I also found that the signposting around the galleries was nowhere near as clear as it could have been. This is likely partly because of the refurbishment work that’s happening around the building, meaning a lot of the paintings have been moved from their usual homes to remain on display, but it definitely isn’t the sole reason. In my attempts to locate the da Vinci, I found myself doing multiple loops of the same set of rooms, coming back in from a different direction every time and having to take a moment to find my bearings. 

I didn’t find the da Vinci. 

On my last visit to Trafalgar square before this one, I have a clear memory of sitting on the wall outside the gallery, waiting for a friend and watching everyone leaving with big smiles on their faces. At the time, I assumed it was because they’d had a great time, and of course it piqued my interest in visiting. On reflection, I wonder how many of them were beaming simply because they’d finally managed to locate the exit.

It only took me three circuits – which involved going both down and back up a flight of stairs – before I managed to find the door that led me back to the real world. There’s a crucial sign missing at an almost-hidden turning, and if you miss it, you’ll end up back where you started again. I was starting to think I’d never again see the light of day, and I’d have to move in to one of the galleries permanently. 

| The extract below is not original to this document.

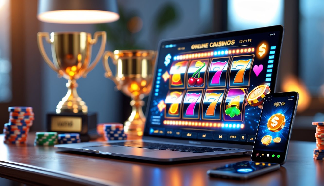 Layar laptop dan ponsel menampilkan permainan slot retro dengan simbol klasik, di atas meja kayu di ruang kerja yang nyaman.
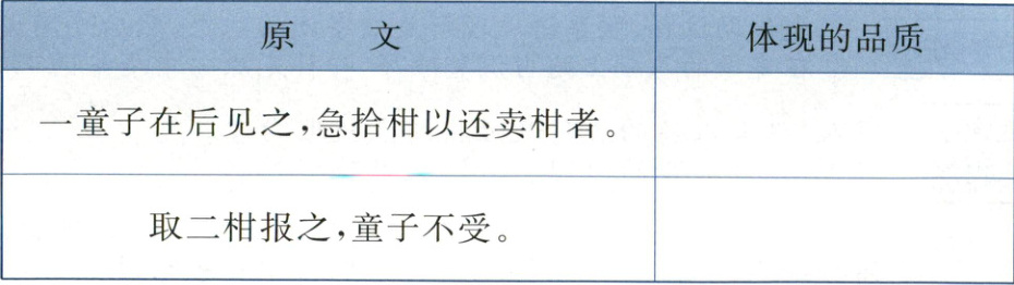 解析:“拾、还、不受”写出了文中孩子将柑橘捡起并还给卖柑橘的人,还不接受酬谢的过程,从中可以感受到这个孩子乐于助人和不求回报的品质。

The cafe was eye-wateringly expensive, even by London standards – I spotted bottles of juice for nearly £6, and the very small slices of cake were about the same. The coffee and chocolate & banana muffin I plumped for were fine, but not quite good enough to justify the hefty price tag. It was also hotter than the bowels of Hades in the coffee shop area – it wasn’t a particularly chilly day, so there really wasn’t a need for what seemed like industrial-strength heating, and it made for quite an uncomfortable pit-stop. 

I honestly think I didn’t even scratch the surface on my visit. Had there been more information around, and better signage, I’d have happily spent longer. Because things had been moved around, I’m not certain just how much I missed, but I know I didn’t get to see any da Vinci. Which is a shame, because I was really excited to see if I could decipher all the secret codes that are absolutely, definitely hidden in the paintings. 

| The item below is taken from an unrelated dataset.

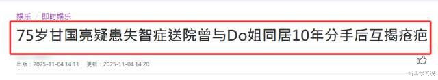 11月4号,据港媒消息称,知名艺人甘国亮疑似患上失智症,在其寓所内被警察带走前往医院接受治疗。

Despite my mixed feelings, it’s a big yes. It feels like a humongous privilege to be able to see so many incredible works of art in one place – and even more so when it’s free. There’s definite scope for improvement, but it’s definitely worth a visit. 

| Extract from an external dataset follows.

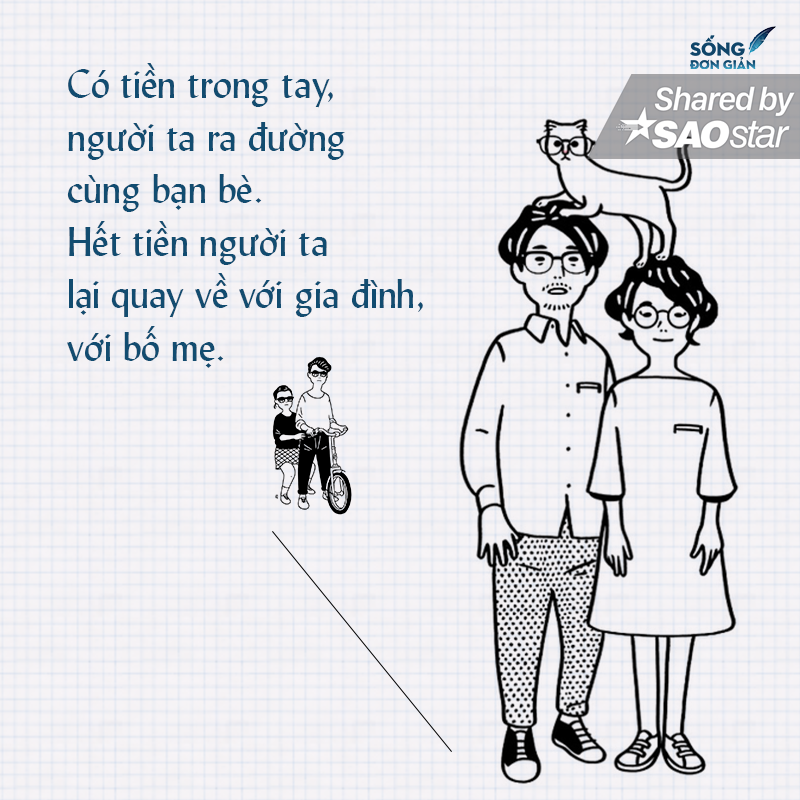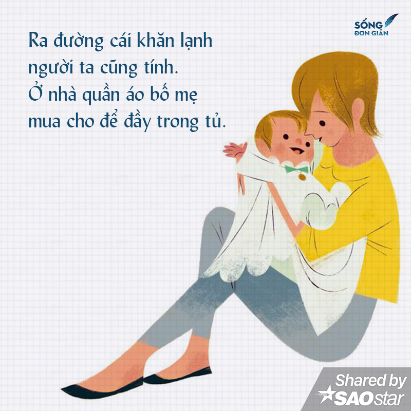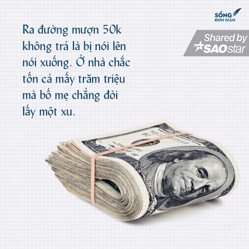 Và rồi rất nhiều điều khác nữa, việc kiếm tiền lại trở thành một vấn đề quan trọng và cấp thiết, vì lo cho chúng ta ăn uống, đi học, đi chơi và sắm sửa cho bằng bạn bằng bè. Chỉ cần không cho là bạn lại vô tình mở miệng nói lời 'cay đắng' khiến mẹ bật khóc, ba đau lòng. 'Mẹ không thương con như nhà người ta.' Nhưng bạn đâu có nhận ra một sự thật từ cuộc đời, rằng ở nhà, chắc tốn cả mấy trăm triệu nhưng ba mẹ không đòi một xu. Nhưng ra đường, mượn 50 nghìn mà không trả, bị người khác nói lên nói xuống.

At the time of posting this, it’s almost a month since my visit, and I’m getting a definite longing to go back for another visit. With the benefit of this visit to adjust my expectations, a map, and the guidebook I found at my local charity bookshop, I think I’ll get more out of it the second time. I’ll also plan to do it in smaller doses whenever I’m in the area,  just doing one or two rooms at a time, so I don’t succumb to art fatigue again. 

The small(ish) print: This is one in an occasional series of reviews of places I’ve visited under my own steam, with my own money. I’ve done my best to make sure everything’s accurate at the time of writing, and all the opinions are mine.